Is there even something like true randomness? So a few months ago a research team did the following experiment:
https://journals.aps.org/prl/abstract/10.1103/PhysRevLett.118.060401
They shot lasers at certain detectors trying to detect the spin of the photons and to prove that there is an underlying hidden variable that influences all of these properties, for which quantum entanglement exists. The measurement of the spin depends on the orientation of the detector. To each detector is a telescope attached and pointing to a 600ly distant star. And based on the wavelengths of the photons that hit the telescope, the detector is reoriented.

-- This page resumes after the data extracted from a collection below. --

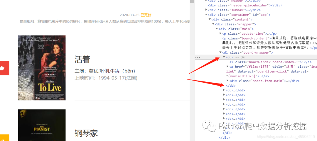 我们可以通过浏览器发现, 每个电影都在在标签dd中, 但是我们还是要根据dl标签来遍历下面的dd标签,方便得到如下数据!最后使用枚举 enumerate() 去返回一个参数字典。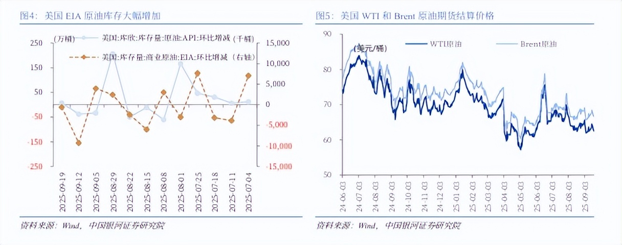 本周原油价格整体震荡上行,但涨幅受制于宏观压力。9月26日WTI原油和Brent原油收盘于65.72 美元/桶和70.13美元/桶,本周涨幅分别为4.85%和5.17%。从供应端来看,本周原油的地缘风险溢价显著抬升。乌克兰对俄罗斯能源基础设施的持续袭击,已迫使俄罗斯削减燃料出口。此举直接收紧全球成品油市场,并引发市场对原油供应稳定性的担忧。美国持续施压各国减少进口俄罗斯原油,进一步限制了俄罗斯原油的流通渠道。地缘冲突与制裁政策叠加,显著推高了原油的风险溢价。从需求端来看,强韧基本面提供支撑,近期强于预期的美国经济数据(如GDP、就业数据)缓解了市场对经济衰退的担忧,强化了原油需求前景的乐观预期。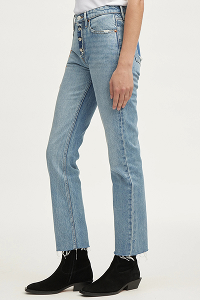 ユーズド感のあるヴィンテージな色合いが魅力のMIKU。バックポケットのステッチングとフェルシームで仕上げた洗練されたバックヨーク。伝統的な大きめのフロントフライの比率を採用。フィット感があり、魅力的なトップブロック。ゆるやかに広がるフレアなシルエットで、脚長な美スタイルを演出してくれるアイテムです。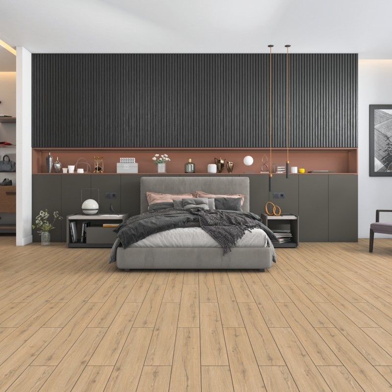 Elite XL Manila offers a fresh oak finish in a wide laminate plank. Durable and easy to maintain, it brightens contemporary interiors.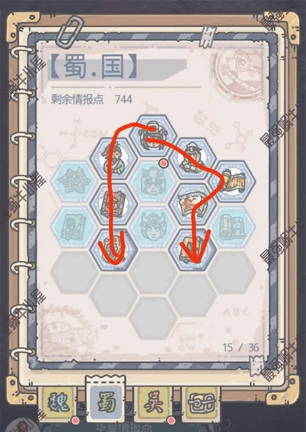這三張地圖沒有前后之分,大家按照我的箭頭方向加點就可以了。登用武將然后獻祭隊友隨意。登用的時候把孔融先點出來加幾級,他會給食物,等后期把他點滿后會給一個綠貴,吃他給的食物加血量;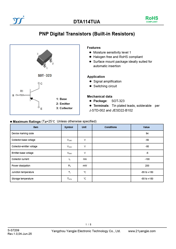 | Datasheet | DTA114TUA-YangzhouYangjie.pdf |
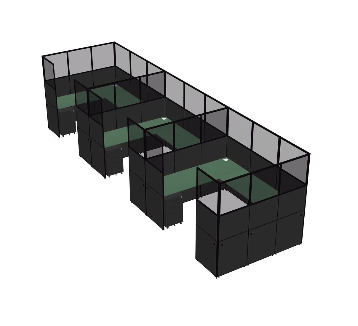 Green U-shaped Panel System For 3 Person + Metal Mobile Drawers For 3 User(s)

So now my question is, is this really random? I mean yes, the photons from the sun were created even before the laser were set up. But since we live all in the same universe, nothing is really COMPLETELY random, just to a certain degree. Isn't bells theorem even a proof that causality doesn't even exist at a certain degree or that true randomness doesn't exist?
 A: Maxim,
In order to understand the motivation behind this experiment a good understanding of the assumptions on which Bell's theorem stands is required. There are two such assumptions:


*

*Locality (there is no instant communication/influence between the particles'source - S and each detector - D1, D2). In other words S does not instantly influence D1 or D2, D1 does not instantly influence D2 or S and D2 does not instantly influence D1 or S. A theory that denies this assumption is a non-local theory. The de Broglie–Bohm interpretation of QM is an example of such theory.

*Independence (the state of D1 and D2, or D1 and S or D2 and S are not correlated as a result of a past common cause). A theory that denies this assumption is a so-called superdeterministic theory. No such theory is currently available in complete form, but 't Hooft's cellular automaton interpretation of QM is a step in this direction.

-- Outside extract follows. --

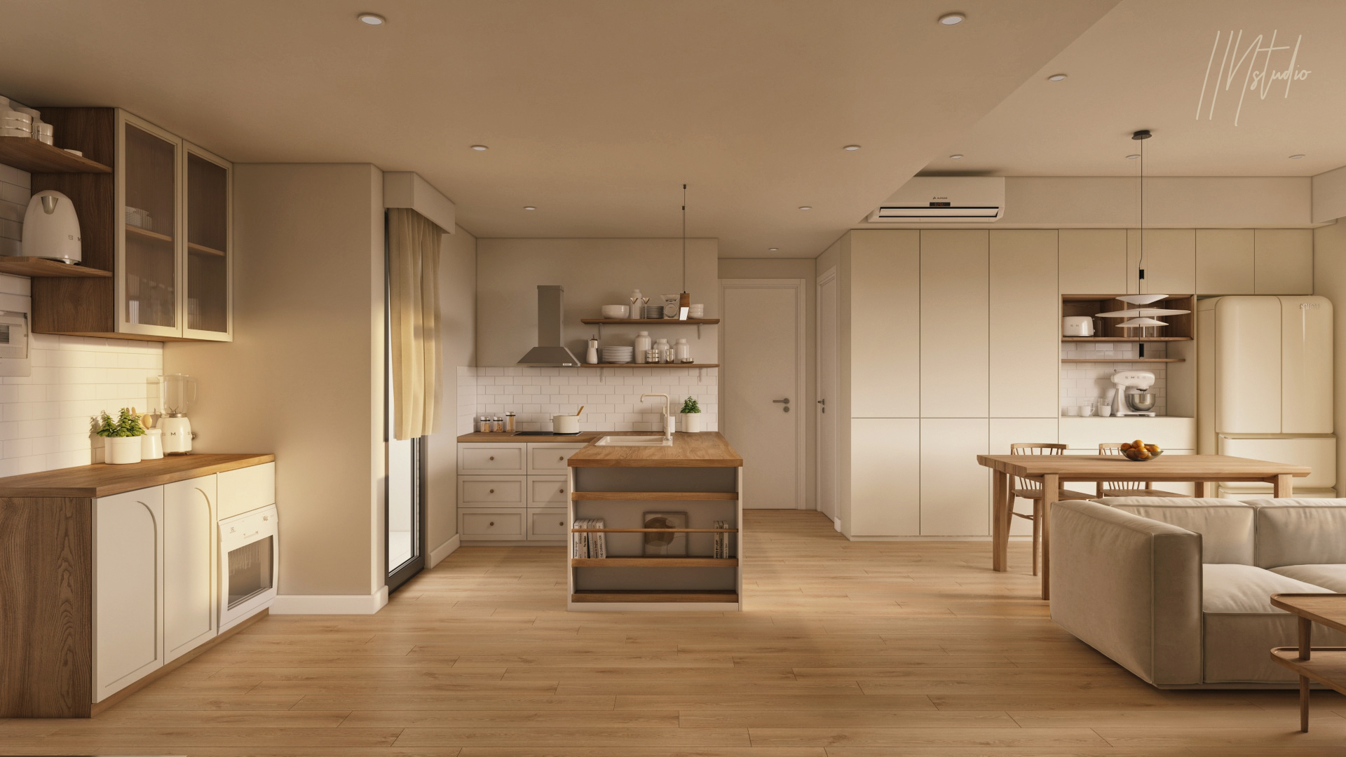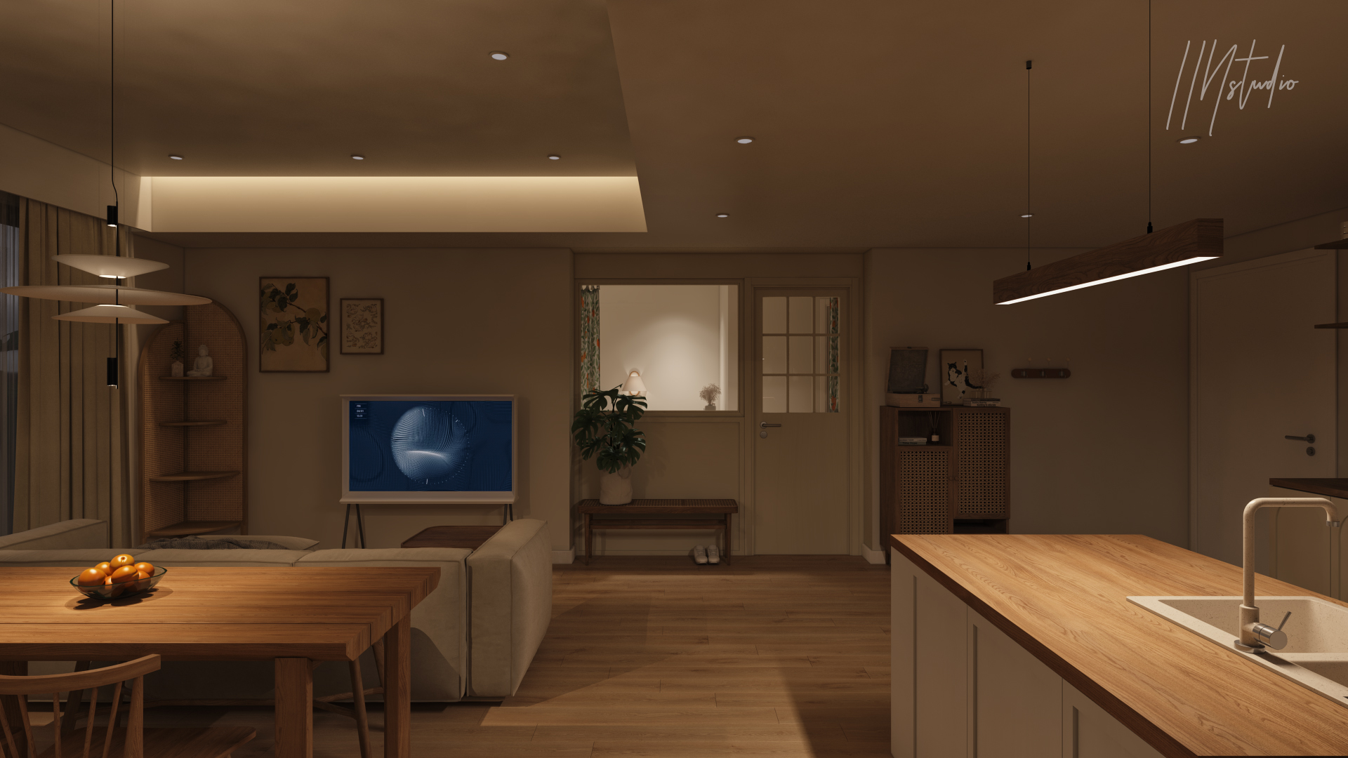 Thật ra đây là một căn hộ đã đong đầy "tình cảm" trước khi IIN nhúng tay vào. Mình cố gắng giữ lại tối đa đồ đạc mà gia chủ đã tha từng món về tổ, bởi vì bài toán tiết kiệm là một và kèm theo là sự ngưỡng mộ của IIN với gu thẩm mỹ của "gia đình nhỏ" này. Khi thiết kế, mình luôn nghĩ về bầu không khí dễ chịu và ấm áp của căn nhà và ra được kết quả như bên dưới. Vẫn chưa phải 100% là bản vẽ cuối cùng nhưng IIN xin phép chia sẽ "cảm xúc đầu tiên" này đến mọi người trước nha.

The experiment you mention tries to put some limits on superdeterministic theories by pushing the hypothetical common cause 600 years into the past. This is not about randomness per se (S, D1 and D2 could each evolve according to a deterministic process) but about the absence of correlations between the states of these devices.

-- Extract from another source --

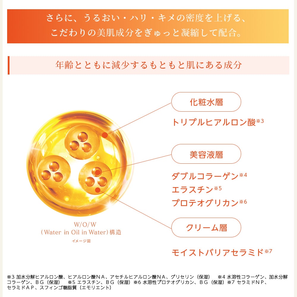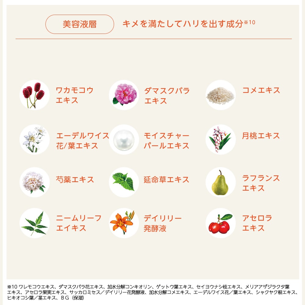 水、BG、スクワラン、グリセリン、エチルヘキサン酸セチル、DPG、ポリソルベート80、セチルPEG/PPG-10/1ジメチコン、エタノール、アセチルヒアルロン酸Na、加水分解ヒアルロン酸、スフィンゴ糖脂質、セラミドAP、セラミドNP、ツバキ種子油、ヒアルロン酸Na、ホホバ種子油、シア脂、マカデミア種子油、ワインエキス、エーデルワイス花/葉エキス、シャクヤク根エキス、オタネニンジン根エキス、加水分解エラスチン、ハマメリス葉エキス、クチナシ果実エキス、マグワ根皮エキス、サッカロミセス/デイリリー花発酵液、ダマスクバラ花エキス、アセロラ果実エキス、加水分解コメエキス、加水分解コラーゲン、加水分解コンキオリン、水溶性プロテオグリカン、セイヨウナシ枝エキス、乳酸桿菌/ハイビスカス花発酵液、マヨラナ葉エキス、メリアアザジラクタ葉エキス、ヒキオコシ葉/茎エキス、ワレモコウエキス、ワイルドタイムエキス、ゲットウ葉エキス、水溶性コラーゲン、ハトムギ種子エキス、ベタイン、ポリグリセリン-3、硫酸Mg、マイクロクリスタリンワックス、ジグリセリン、TEA、(アクリル酸Na/アクリロイルジメチルタウリンNa)コポリマー、(アクリレーツ/アクリル酸アルキル(C10-30))クロスポリマー、ヘキサ(ヒドロキシステアリン酸/ステアリン酸/ロジン酸)ジペンタエリスリチル、イソヘキサデカン、オレイン酸ソルビタン、トコフェロール、クエン酸、香料、フェノキシエタノール

In my opinion the relevance of such an experiment is minimal. We have experimental proof that such common-cause type correlations apply to the gravitational interaction in the case of galaxies for example (the stars in a galaxy do not move independently - they more or less orbit the galactic center) and there is little reason to assume that the electromagnetic interaction which represents the domain of Bell theorem experiments is more limited in this respect. 
A: There is no scientific experimental way to prove absence of causality. Because that would result into a paradox.
For example, causality is - you do this (in given conditions) and so and so will happen.
Any experimental proof, by definition has to be repeatable. If causality did not exist, we could not rely on any experiment including the experiment that disproves causality. Because how do we know that the results are caused by what we did, or by randomness. 
Science itself would become vague in that case.
There is causality.
Randomness refers to "our inability" to compute the exactness, which becomes impossible at certain levels, specially at quantum levels.
Even in classical case, we can compute how long it will take for a pool of water to evaporate, but we can not compute which day/time, a specific water molecule will evaporate. The process is too random that it is beyond our computational capabilities.
Then, when we go too close to computations, we need to measure things too closely and that process could change our computations. For example, poking an entangled particles, ends its entanglement.